The numerical results of the testing revealed a crucial issue that forced a change in emphasis for the rest of the project. It turned out that the so-called Tamm-Dancoff approximation (TDA), a simplifying assumption which was made in our earlier work to implement LR-TDDFT, was insufficiently accurate in the biological systems to which we wanted to apply the method. Indeed sometimes it produced qualitatively wrong results. For example, the TDA predicted an optical absorption spectrum for the well-known chlorophyll molecule, which is responsible for the green colouring of plants, which had absorption peaks in the green region of the spectrum and would have made plants appear red! In view of this we modified the second objective, as it was clearly a higher priority to improve upon the Tamm-Dancoff Approximation before accurate excited state forces could be considered.

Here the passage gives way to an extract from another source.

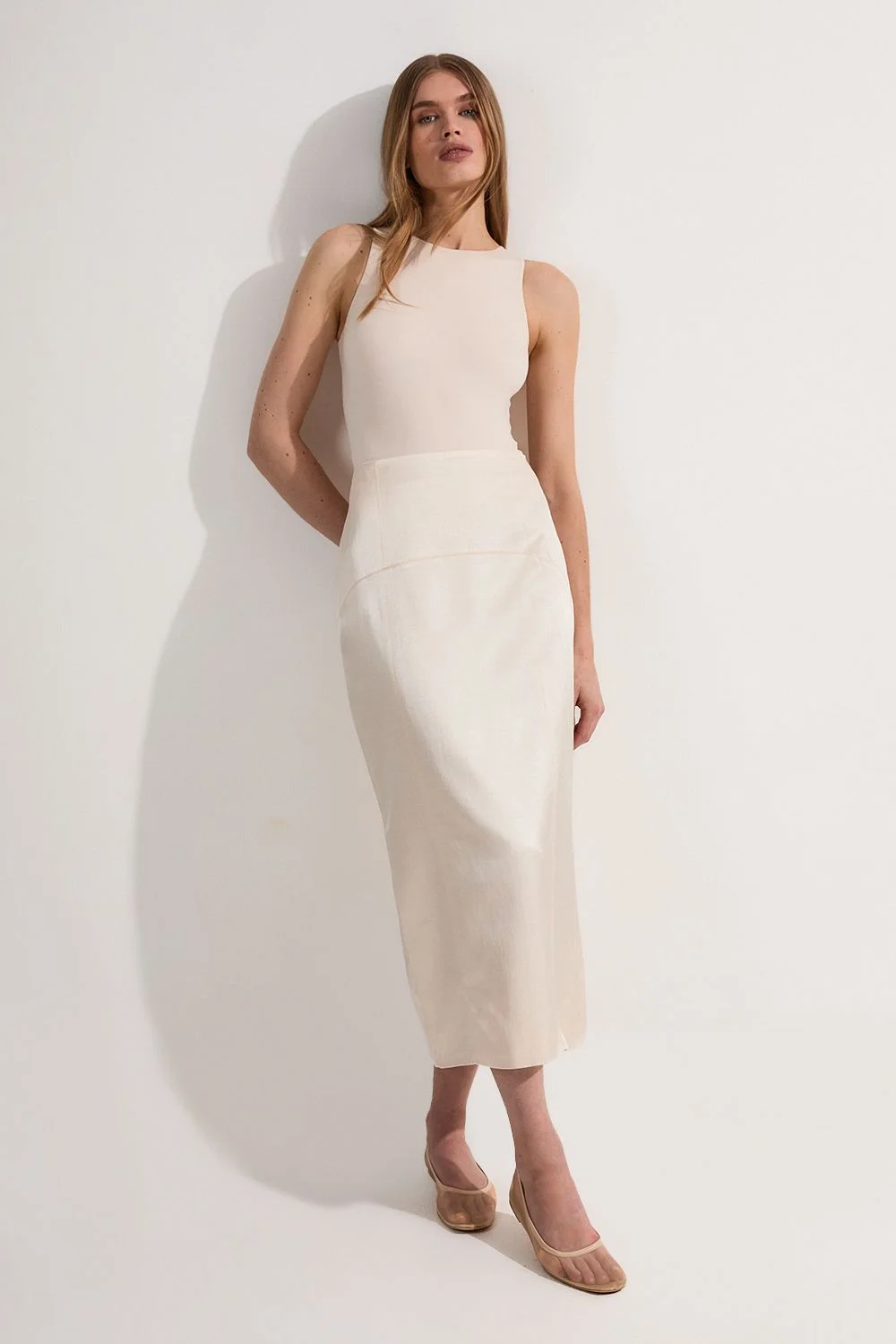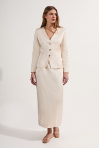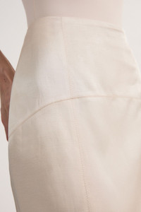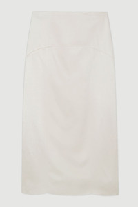 Embrace refined elegance with this tailored column midi skirt from Karen Millen. The streamlined silhouette creates a polished look suitable for a variety of formal occasions. Style it with a crisp white blouse and pointed-toe heels for a chic office ensemble, or pair it with a silk camisole and strappy sandals for summer weddings. The versatile midi length allows for effortless transition from day to evening events. For a coordinated outfit, team it with the matching blazer as seen on the model. The linen-blend fabric offers a luxurious feel while ensuring breathability, making it an ideal choice for warm-weather formal gatherings. Accessorise with minimalist jewellery to maintain the skirt's sleek aesthetic, allowing its impeccable tailoring to take centre stage. Tailored column silhouette for a sleek, sophisticated look Midi length hitting below the knee for versatile styling High-waisted design to accentuate the waistline Subtle back slit for ease of movement Crafted from a linen-blend fabric for breathable comfort Product Details & Care Main: 81% Viscose, 19% Linen Lining: 100% cotton, 30 degree cotton cycle. Do Not Tumble Dry, Cool Iron . Model wears UK Size 8/ US Size 4. Model height approx: 5"9. Length approx:86 cm

Therefore the second objective, which took up the final three months of the project and has recently been successfully completed, became to implement a "beyond TDA" approach to LR-TDDFT. The details of how this was achieved are available in the technical report (see link at top of page) and a recent paper (T. J. Zuehlsdorff, N. D. M. Hine, M. C. Payne and P. D. Haynes, J. Chem. Phys. 143, 204107 (2015)), which can be expected to be of considerable interest to the TDDFT community, as well as pointing the way to much higher-accuracy calculations (see T. J. Zuehlsdorff, P. D. Haynes, F. Hanke, M. C. Payne and N. D. M. Hine, J. Chem. Theory Comput. 12(4), 1853-1861 (2016)).
Summary of the Software
Electronic structure theory is a hugely important contributor to understanding properties of materials. Among software packages for such modelling, implementing density functional theory in forms suitable for large-scale HPC, the code central to the current proposal, ONETEP, has several unique advantages. It combines systematically-controllable accuracy with a requirement of computational effort that scales only linearly with system size and it has excellent parallel scaling to thousands of cores. Developed over the last decade by a collaboration of academics from Cambridge, Imperial, Southampton and Warwick, it is now widely used in the UK and internationally both by industry and by academics in a variety of research fields. It can be obtained by license via Cambridge Enterprise or as part of the Materials Studio Package distributed by BIOVIA. See the ONETEP webpage for details of licensing.
For licensed users, the software is available as a module on ARCHER, and examples of job submission scripts and compilation details can be found at: https://www.archer.ac.uk/documentation/software/onetep/. The code is already heavily used on ARCHER: research into the general area of materials science has accounted for 52% of usage of ARCHER in the most recent accounting period, and ONETEP is the fourth heaviest user by CPU hours among codes for density functional theory (note that the first three are codes aimed at bulk materials, while ONETEP is aimed at nanostructures and biomolecules). It has been the tenth most heavily-used code overall among all application areas in 2014-2015, and has accounted for an continuously growing share of total resource usage during the various phases of HECToR and ARCHER dating back to 2009. Users run the code for applications ranging from inorganic nanomaterials such as catalyst nanotubes and amorphous nanoparticles to biological systems such DNA and proteins.